GitHub - RaghavMaheshwari/Smart-Medical-Diagnosis: Predicting user's disease by using various Machine Learning models

RaghavMaheshwari / Smart-Medical-Diagnosis Public

Notifications You must be signed in to change notification settings
Fork 9
Star 8

Predicting user's disease by using various Machine Learning models

Notifications

Name		Name	Last commit message	Last commit date
Latest commit History 9 Commits
CKD.csv		CKD.csv
Cancer.xlsx		Cancer.xlsx
README.doc		README.doc
code.R		code.R
diab_code.R		diab_code.R
diabetes.csv		diabetes.csv
heart.csv		heart.csv
parkinsons.csv		parkinsons.csv
server.R		server.R
ui.R		ui.R

Repository files navigation

# Smart-EHR
Predicting user's disease by using various Machine Learning models
Introduction

Smart Electronics Health Record was made keeping in mind to ease the medical processes of detecting severe diseases and their treatment. Covering major human diseases like heart, kidney and cancer, we tried to provide an easy, user friendly and near perfect prediction for general people. Through the web based application, a user just by sitting in their homes could know if his/her symptoms will lead to anything or are just temporary.
We have provided an amiable website for users to enter their symptoms and medical values to predict their disease.

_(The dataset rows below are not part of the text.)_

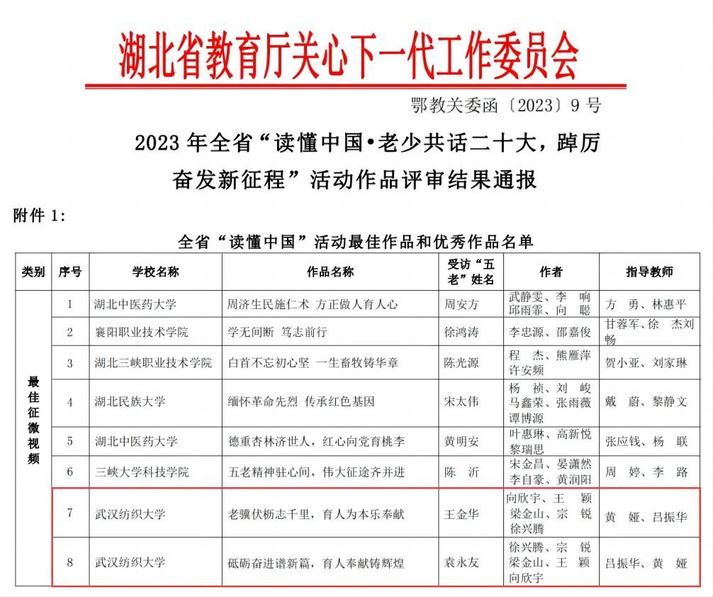 近日,湖北省教育厅关工委公布了2023年“读懂中国”活动入选作品名单,经过专家评审,3044am永利集团向欣宇、徐兴腾、宗锐等“四力”实践团队员工作品《老骥伏枥志千里 育人为本乐奉献》和《砥砺奋进谱新篇 育人奉献铸辉煌》分别获评最佳微视频奖。
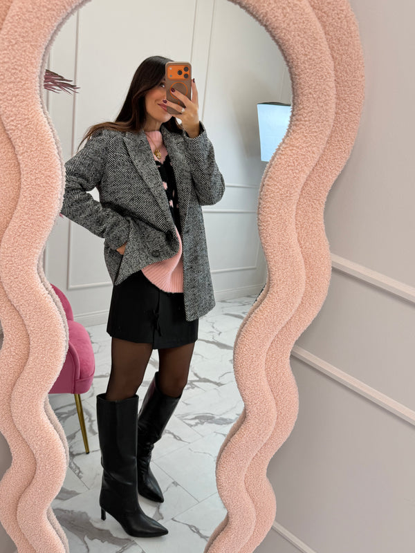 Stivale, con gambale ampio e morbido, altezza sotto il ginocchio, punta appuntita e affusolata, tacco cm 6,5, ecopelle, interno rivestito, calzata regolare.
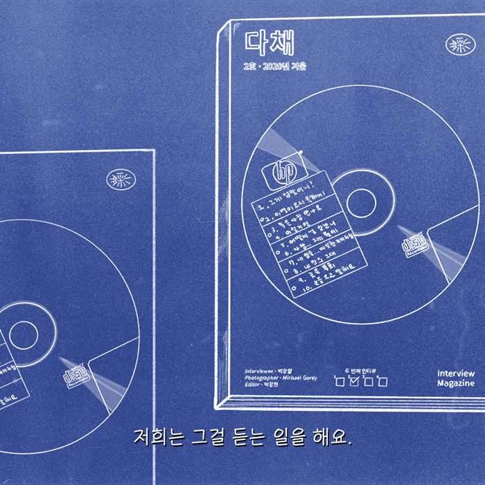 다채는 한 호마다 하나의 인터뷰 소재를 가지고 사람들을 심층 인터뷰하는 잡지입니다. 다채 1호의 '지갑'에 이어, 2호의 소재는 '플레이리스트'입니다.
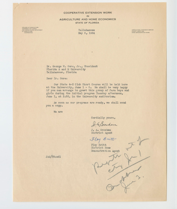 Recurring letters sent between President Gore and Negro District Agents have consistently featured invitations to the 4-H Annual Short Cours and program statistics. This highlights the ongoing efforts to elevate educational standards in Florida's agricultural and home demonstration programs.
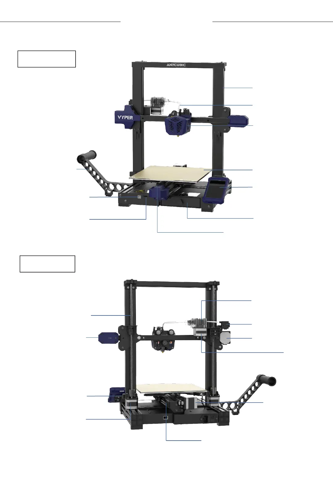 AnyCubic VYPER - Product Overview; Front View Components; Back View Components
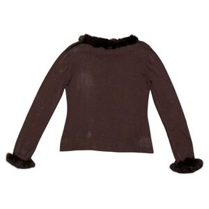 Vintage Joseph A Faux Fur Sweater Womens L Brown 90’s Long Sleeve Silk Blend Top
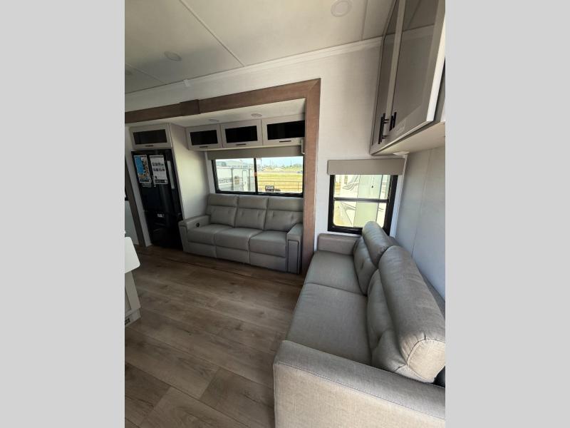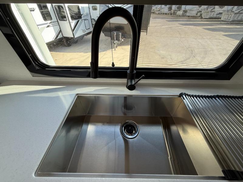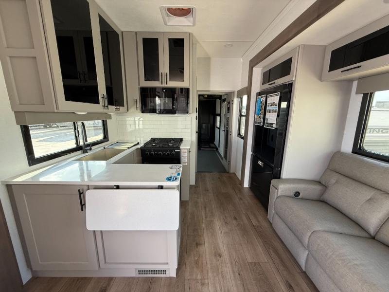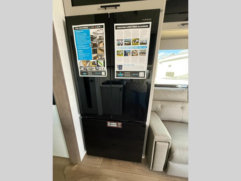You can bring your toys with you wherever you go with any one of these Alliance RV Valor toy hauler fifth wheels! They are adventure-ready with a quality build from the walk on roof with seamless PVC roof covering to the commercial grade vinyl flooring and MorRyde CRE3000 suspension system. The Performance Running Gear package comes with a 101" wide-body benchmark chassis platform, 7,000 lb. Dexter axles, and a space enhancing drop frame storage compartment to pack in all your riding gear. You can even go off-gridding thanks to the Off the Grid Pack that has two 400-watt solar panels, generator prep, a 60-amp charge controller, and a 100-amp hour lithium iron phosphate battery. Some of the interior comforts you will enjoy are the hardwood cabinet doors and drawers, solid surface kitchen countertops, and commercial grade vinyl flooring with no carpet to make clean up a breeze. The Valor toy haulers are also the Masters of 12 Volt with USB charging station throughout, a 12V refrigerator, and more 12-volt features to make camping hassle-free!
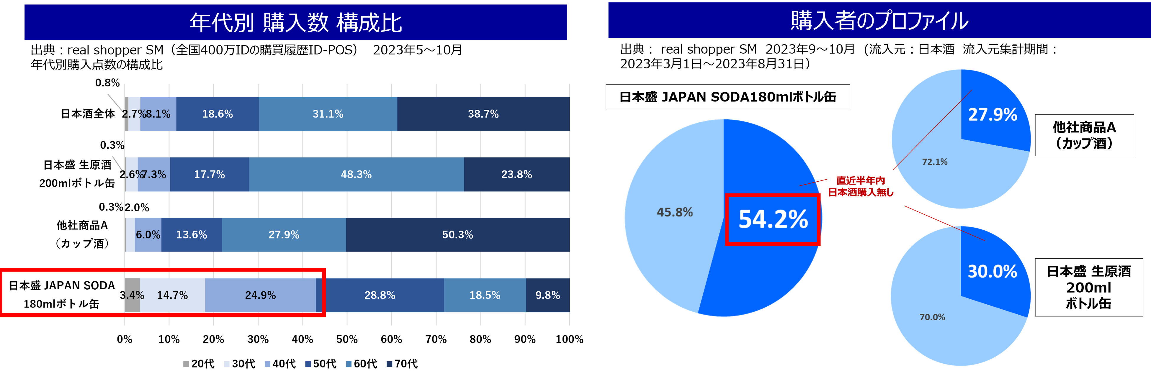日本酒市場は昭和48年度をピークに規模縮小の一途をたどっています※1。特に40代以下のシェアが低く、若年層の獲得が課題となっている中、日本酒の新定番として2023年3月に「日本盛 JAPAN SODA 180mlボトル缶」を発売いたしました。発売以来大変ご好評頂いており、同容量の他社商品A(カップ酒)や弊社の日本酒カテゴリーの中でも若年層に人気のある「日本盛 生原酒200mlボトル缶」と比べ、より若年層の購入率が高く、直近半年で日本酒を購入していない層に購入いただいている商品です。(下記グラフ参照)
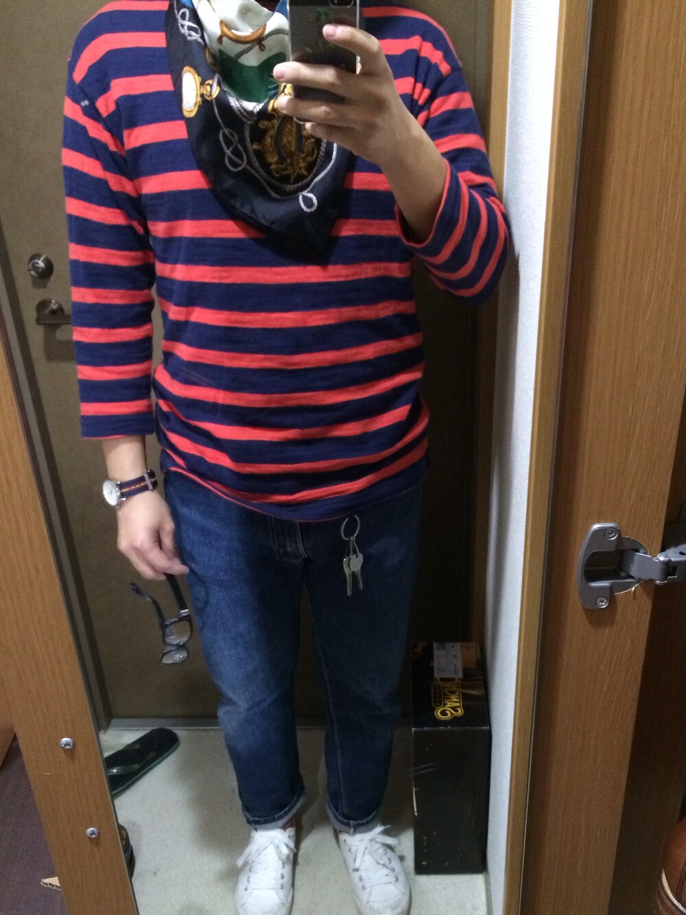 カットソー:GAP デニム:古着 スカーフ:Beauty&Youth スニーカー:無印良品 メガネ:TK メガネなんてめったにかけないのですが、久々に。 映ってないですがニット帽も装着してます
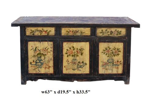 This is a decorative flower graphic Chinese Mongolian style low table with compartment and 3 drawers for storage. Its old vintage accent enriches the interesting tone to the room.
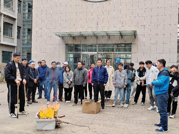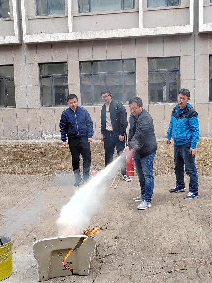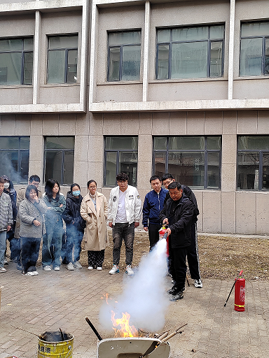 随后,保卫处杨老师讲解干粉灭火器与二氧化碳灭火器的区别及应用,并亲自示范操作灭火器使用步骤。整个演练过程中,师生们集中思想、听从指挥,力争达到灭火器人人会用的目的。
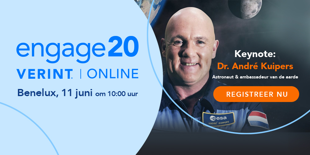 Customer Engagement, CX en de nieuwste technologie op dit vlak, daarvoor log je om 10.00 uur in bij Engage Online Benelux. Niemand minder dan astronaut André Kuipers zal een keynotepresentatie geven over ‘Innovate to Infinity and Beyond’, waarin hij je meeneemt op reis door de ruimte en zijn visie op innovatie, techniek en duurzaamheid. Daarnaast delen klanten van Verint hun lessen en successen op het gebied van medewerker- en klanttevredenheid en nieuw toegepaste technologieën. Zij zullen spreken over onderwerpen als: de manier waarop ze werken tijdens COVID-19, customer experience, employee engagement, Speech Analytics en Online Communities.

Just by clicking, one will get to know what is wrong with their heart or lungs or diabetes level. Moreover it’s a age free application i.e. it could be applicable for people of all age groups.
The author of [1] illustrate how healthiness and technology integration and benchmarking have become a challenge for researchers. Being a major factor in strengthening the present medical systems, it also provides a medium to expand the objectives and strategies of organizations.
In [2], it provides a systematic review of the efficacy of patient-oriented care interventions for people with chronic conditions. Around thirty randomized controlled trials were identified from health-related databases. The findings indicated that most interventions were based on the notion of empowering care and included attempts to educate consumers or prompt them about how to manage a health consultation.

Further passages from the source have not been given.